You were doing so well, George, but I suppose two Damascene conversions is a little too much to ask. Still, credit where it's due. Coming around to a balanced position on nuclear power is a pretty big deal.
Dave · 729 weeks ago
I find it odd that some proponents of climate change display a religious zeal while also claiming to be atheists in other areas.
As I approach senility, I can say that I think we probably do have some effect on climate but I don't think we can ever control the climate and we wont give up our lifestyles as the Greens dictate, although I would shut down the coal and gas powerstations for maintenance say from midnight to five am and perhaps a few weekends. Just to show what it takes to live the way we do.
The future is in the hands of the next generations of engineers to work with the materials they have at hand or develop new materials and systems. I support solar, wind and even tidal and geothermal research but the present system of funding and handouts does nothing to develop efficiencies and distorts the prices for everything else.
I notice the ozone hole has re-emerged larger than ever although in the arctic this time. They must be running out of money or contracts need to be renewed. It must be good work if you can get it.

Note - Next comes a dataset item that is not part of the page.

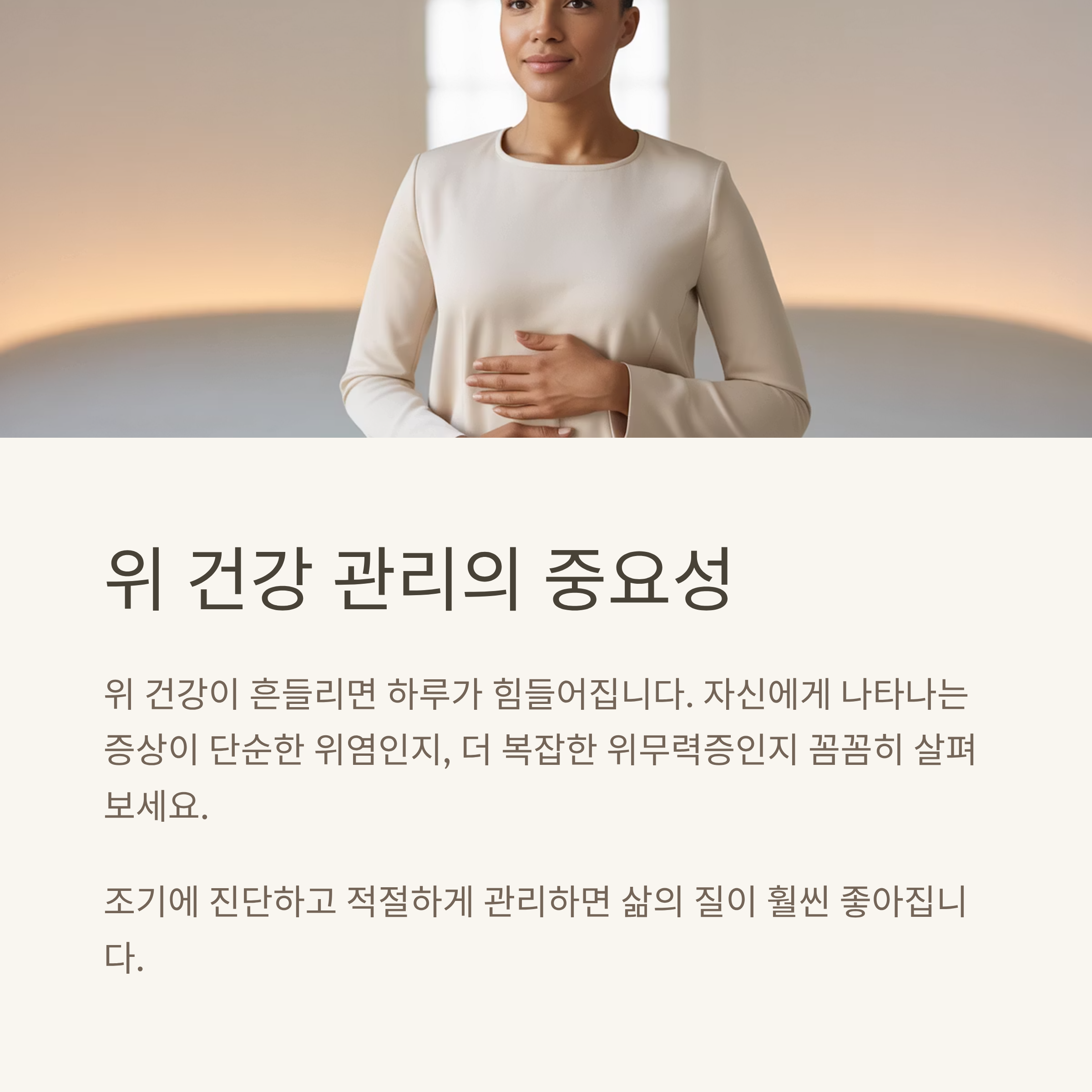 특히 위염은 염증성 질환이고 위무력증은 운동성 장애 질환이기 때문에 체중 변화나 복부 팽만, 식후 증상 지속 여부를 꼼꼼히 살펴보는 것이 중요합니다.

Angry_Exile 90p · 729 weeks ago
As for having some effect on the climate, I'm sure we do as well. If cow and termite farts do then it's a safe bet that we do too (I recommend 'affecting the climate' in an elevator full of Greens - they should have saved resources and taken the stairs anyway). The question is whether that can be distinguished from all the natural variation, and since in the past it's gone up and down like a bride's nightie no matter what CO2 levels were like I reckon it's a pretty safe bet that any effect we're having is getting lost in the noise.